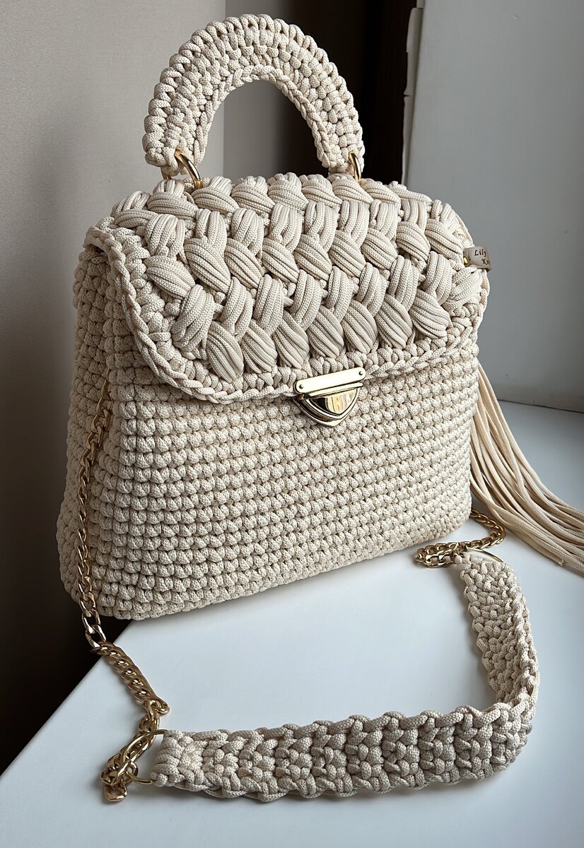 Да да, именно! С одним условием: что в вашем образе будет эффектная изюминка🔥 И я в свою очередь, конечно же, предлагаю классную вязаную сумку из полиэфирного шнура🔥 Делюсь кратким описанием, если у вас есть хоть какой-то опыт вязания крючком, я уверена, у вас все получится👍 Ну а если вы не вяжете, но непременно хотите себе такую сумку, то я с удовольствием для вас свяжу (в конце статьи оставлю свои контакты). Нам понадобится: 250-300 м полиэфирного шнура (я вязала из 5 мм), осн крючок 6 мм, доп крючок 4 мм. Из фурнитуры: портфельный замок, 2 полукольца, 3 карабина, 2 отреза цепи по 30-40 см, 4 средних разъёмных кольца (2,5 см). Дно: набираем 27 в.п. + 1 петля подъёма. Вяжем 4 круговых ряда (по краям делаем прибавки). На дно установила пукли (ножки). Также можно обвязать дно соединительными столбиками. Нить отрезаю, делаю имитирующую петлю (на днях выйдет видео про эту петлю, не пропустите). Дно укрепляю с помощью пластиковой канвы (пришиваю мононитью - тонкой леской). Стенки вяжу
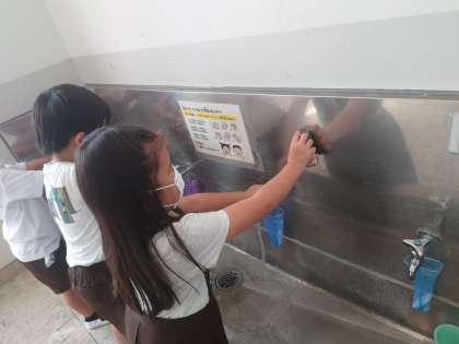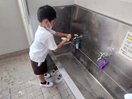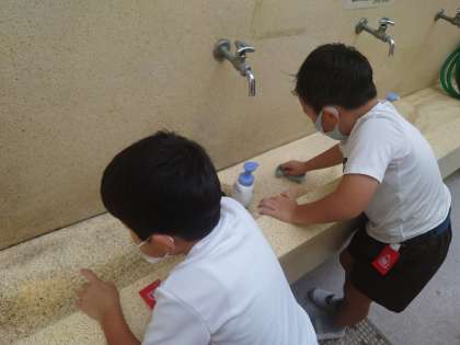 手洗い場をきれいにしていました。雑巾も頑張ってしぼっていました。
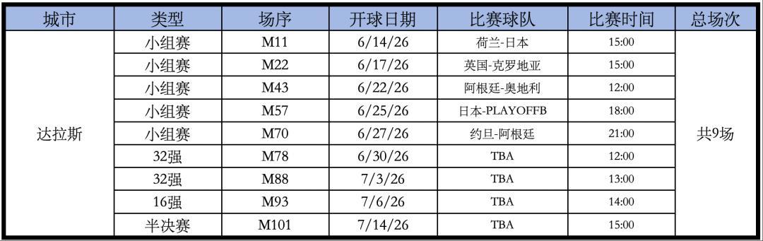 AT&T Stadium體育場的比賽如下,總共9場。
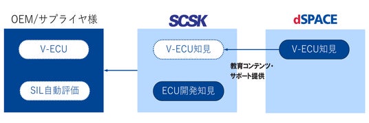 dSPACE Japanは、SCSKに教育コンテンツ・サポートを提供します。これを受け、SCSKはV-ECUの知見を補完し、ECU上のソフトウェア開発の知見を組み合わせて、完成車メーカーおよび部品メーカーの自動車開発の加速に向けた、V-ECUの環境構築とSIL(Software-in-the-Loop)シミュレーションの自動評価を支援します。また、dSPACE JapanとSCSK共同でV-ECU環境構築の専門エンジニアを育成し、VEOSでの走行実データの再現ならびにクラウド上の検証環境であるdSPACEのSIMPHERAへの移行についても推進していきます。SIMPHERAとVEOSの組み合わせによって、完成車メーカーと部品メーカーとの仕様すり合わせがロケーションフリーで実施可能となり、サプライチェーンの選択肢を拡げることが期待されます。

····················

» Brief:
Repeat the listing above exactly, with no pictures.

» Task output:
 Да да, именно! С одним условием: что в вашем образе будет эффектная изюминка🔥 И я в свою очередь, конечно же, предлагаю классную вязаную сумку из полиэфирного шнура🔥 Делюсь кратким описанием, если у вас есть хоть какой-то опыт вязания крючком, я уверена, у вас все получится👍 Ну а если вы не вяжете, но непременно хотите себе такую сумку, то я с удовольствием для вас свяжу (в конце статьи оставлю свои контакты). Нам понадобится: 250-300 м полиэфирного шнура (я вязала из 5 мм), осн крючок 6 мм, доп крючок 4 мм. Из фурнитуры: портфельный замок, 2 полукольца, 3 карабина, 2 отреза цепи по 30-40 см, 4 средних разъёмных кольца (2,5 см). Дно: набираем 27 в.п. + 1 петля подъёма. Вяжем 4 круговых ряда (по краям делаем прибавки). На дно установила пукли (ножки). Также можно обвязать дно соединительными столбиками. Нить отрезаю, делаю имитирующую петлю (на днях выйдет видео про эту петлю, не пропустите). Дно укрепляю с помощью пластиковой канвы (пришиваю мононитью - тонкой леской). Стенки вяжу
 手洗い場をきれいにしていました。雑巾も頑張ってしぼっていました。
 AT&T Stadium體育場的比賽如下,總共9場。
 dSPACE Japanは、SCSKに教育コンテンツ・サポートを提供します。これを受け、SCSKはV-ECUの知見を補完し、ECU上のソフトウェア開発の知見を組み合わせて、完成車メーカーおよび部品メーカーの自動車開発の加速に向けた、V-ECUの環境構築とSIL(Software-in-the-Loop)シミュレーションの自動評価を支援します。また、dSPACE JapanとSCSK共同でV-ECU環境構築の専門エンジニアを育成し、VEOSでの走行実データの再現ならびにクラウド上の検証環境であるdSPACEのSIMPHERAへの移行についても推進していきます。SIMPHERAとVEOSの組み合わせによって、完成車メーカーと部品メーカーとの仕様すり合わせがロケーションフリーで実施可能となり、サプライチェーンの選択肢を拡げることが期待されます。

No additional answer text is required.